Wednesday, April 22, 2015

Galactic economy

Just a little pressure, just a whisper, just enough to make it move.  It isn't necessary to pour the entire bag of sand on one side of the scale, just start with a grain of sand, then add another one, and keep adding them until the scale balances.
Moving too slowly?  Something is going to come along and push you.  Moving too fast?  Something will be in your way.
Procrastination/Patience, exuberance/reticence, fear/love, all these things will arise in their turn.  The response triggers are somatic by now.  I am pissed off and impatient before I have had a chance to notice it.  As soon as it is visible, audible, tangible,-that tight feeling in the gut, that's a nice time to stand back and say, "Oh, yes, I remember you.  What is it you want?"  It's always something.  Getting there sooner?  just racing to the grave.  That's all the finish line is anyhow; once a goal has been attained, another one appears, once everything seems to be worked out, watch out, because it's a sign of imminent unraveling.
Things are taken away, a few molecules at a time.  Somewhere on the continuum I catch glimpses, I see that I have been walking or driving or sitting in a dream, and thinking it is the real place, but the one that consensus reality designates as the real place tells me a different story.  That place is always waiting with a list of what needs to be done to get the shit together before it's too late.  Pain, then anaesthesia, until the next time I pull the covers down and peek out to see if the world has changed for the [subjective] better.  It hasn't, most of the time.
The moments when it's possible to notice the unregulated beauty of the unforeseen are the juicy delights I look for every day.
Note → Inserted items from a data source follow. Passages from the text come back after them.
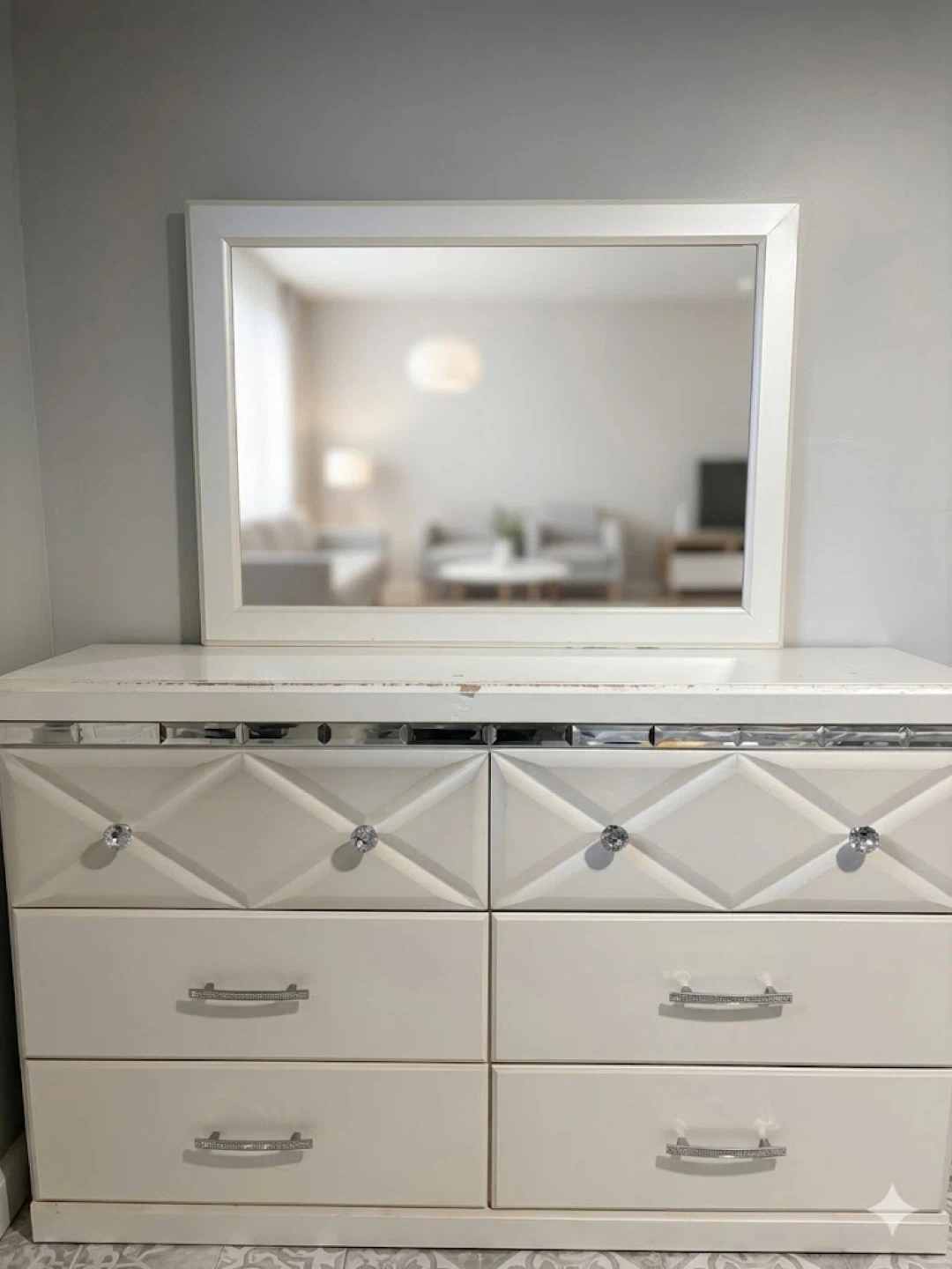 📌Main Dresser: 6 spacious drawers with a large, matching mirror.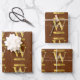 Antique Faux Leather & Gold Monogram Birthday Wrapping Paper Sheet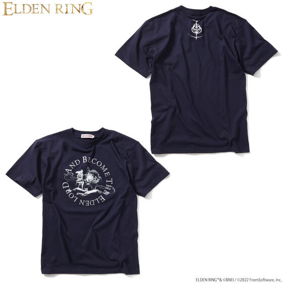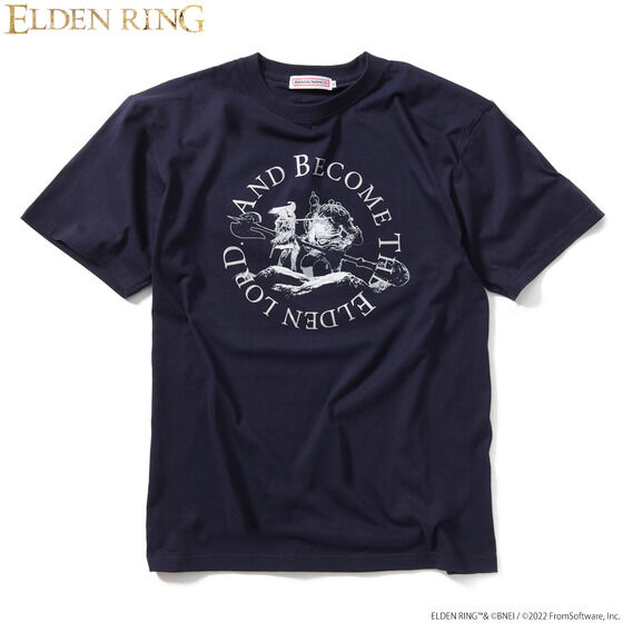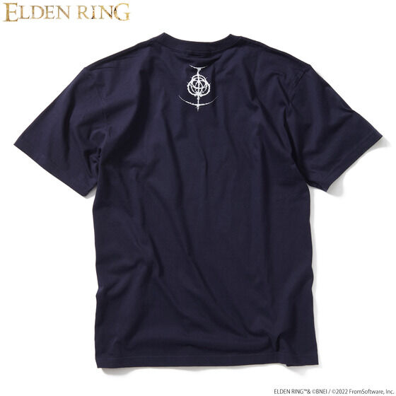 世界的人気を博す『DARK SOULS(ダークソウル)』シリーズを手掛けた株式会社フロム・ソフトウェアと株式会社バンダイナムコエンターテインメントの共同開発により、2022年2月25日にリリースされた渾身のアクションRPG『ELDEN RING(エルデンリング)』から、高路下の洞窟のボス、ガーディアン・ゴーレムとの闘いのショットをサークルロゴ内に落とし込んだグラフィックと、バックにシンボルをあしらったTシャツです。

Lately, it has occurred to me that I have been viewing death all wrong.  Not that it is something to be sought, but that it may not be something to be feared.  It is either nothing at all, or it is something, but whatever that is is undefinable, I don't care what religious practice gets applied to it.  In some ways, it is irrelevant
As I spin back and forth in the time machine, recalling what I was so desperate for, and never able to find, to this place that Roseanne Barr called the youth of old age, where the things I regret are things I didn't know existed, and would be pointless to hunt down now.  It would be like ignoring the evening bird song because I was too busy grieving for the morning.
In this increasingly difficult physical world, what has been stripped away leaves the undeniable now, where there is richness of a kind I thought fit to overlook.  The gift of being able to walk, of being able to breathe, of reading, of being able to see, to be independent and live in my remote and complicated home.  Absolutely ordinary life, bursting with goodness and light.  How did I miss it? I have plugged my ears and squeezed shut my eyes and yelled "la la la la la!" like a 2 year old.  Life on my terms.  Not this, but that.  Well, I had to get spoken sharply to, I suppose, the light pressure and whispers weren't enough, but at least nobody was sent with airhorns, or trumpets.  Yet.